- Directed by: Ignacio Agüero
- Written by: Ignacio Agüero Fernando Villagrán
- Produced by: Ignacio Agüero Fernando Villagrán
- Cinematography: Gabriel Díaz Ricardo Lorca
- Music by: Giorgio Varas Cristián López
- Production companies: Ignacio Aguero & Asociados Amazonía films
- Release date: November 20, 2008;
- Running time: 80 minutes
- Country: Chile
- Language: Spanish

= Agustín's Newspaper =

Agustin's Newspaper (Spanish: El diario de Agustín) is a 2008 Chilean documentary film directed by Ignacio Agüero.

==Plot==
Journalism students start an investigation about the editorial line of El Mercurio S.A.P., a media corporation owned by Agustín Edwards Eastman that publishes Chilean daily newspapers El Mercurio, La Segunda, and Las Últimas Noticias.

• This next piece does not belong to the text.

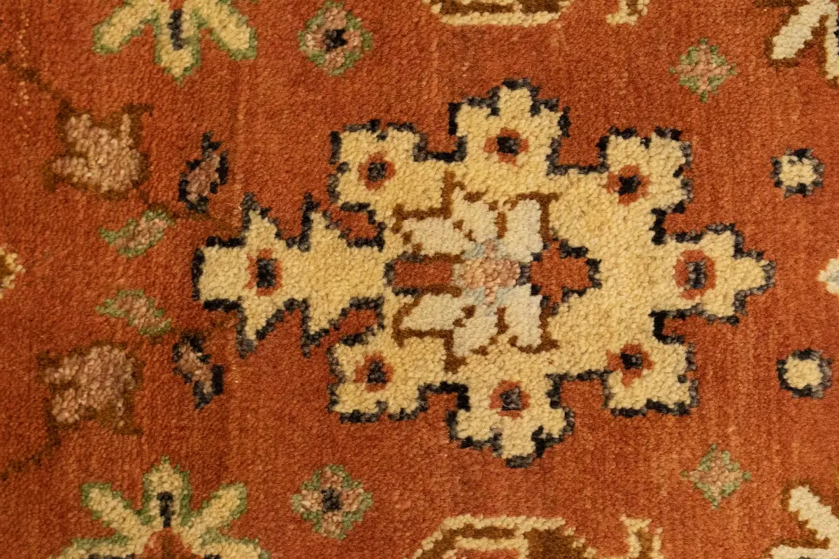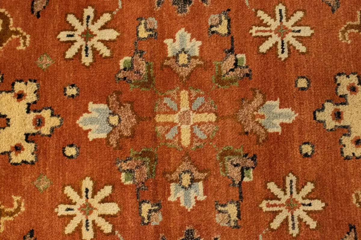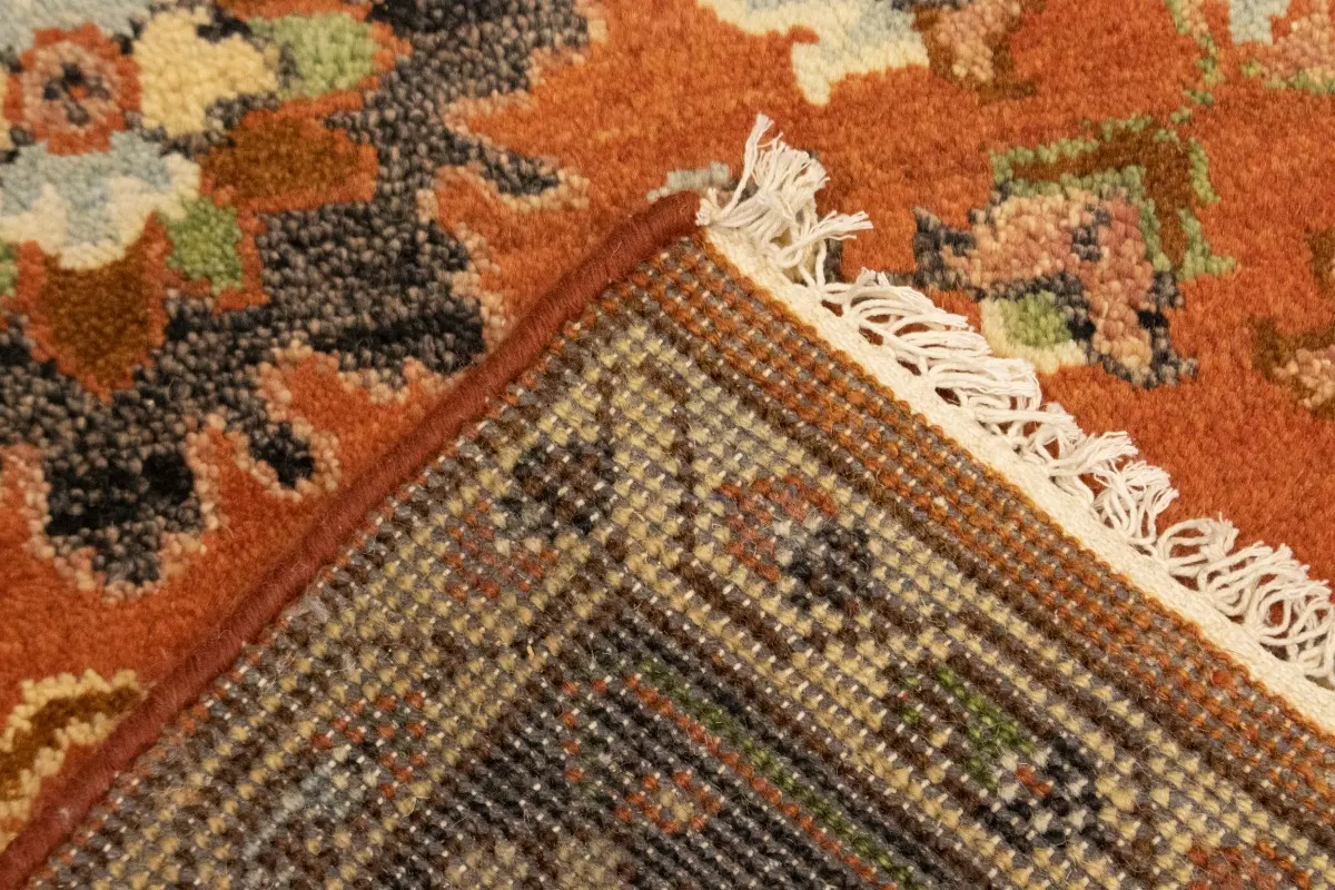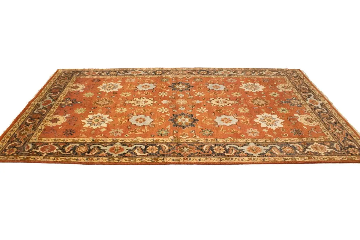 Handmade 6X10 orange Oriental rug made with natural dyes (fine wool pile and cotton foundation), superior knot count, and appealing ancient designs. This Oriental rug never will go out of style and would be among your most valuable treasures.

The documentary focuses particularly on the role of El Mercurio, Chile’s leading conservative newspaper. The events covered include the land reform that occurred during the Eduardo Frei Montalva government, the opposition to Salvador Allende, the collaboration with Augusto Pinochet's military government, and the position held until the arrival of democracy in Chile. Overall, it presents a strong indictment of the newspaper and its editor, which are accused of public opinion manipulation, especially with disinformation campaigns.

==Chapters==
- I. El Mercurio Lies
- II. Foreign Help Is on the Way
- III. The 119
- IV. Crime of Passion
- V. A Guide for Society
- VI. Slanders and Libels
- VII. Epilogue

==Awards==
The film won an Altazor Award in 2009 for best director in a documentary film.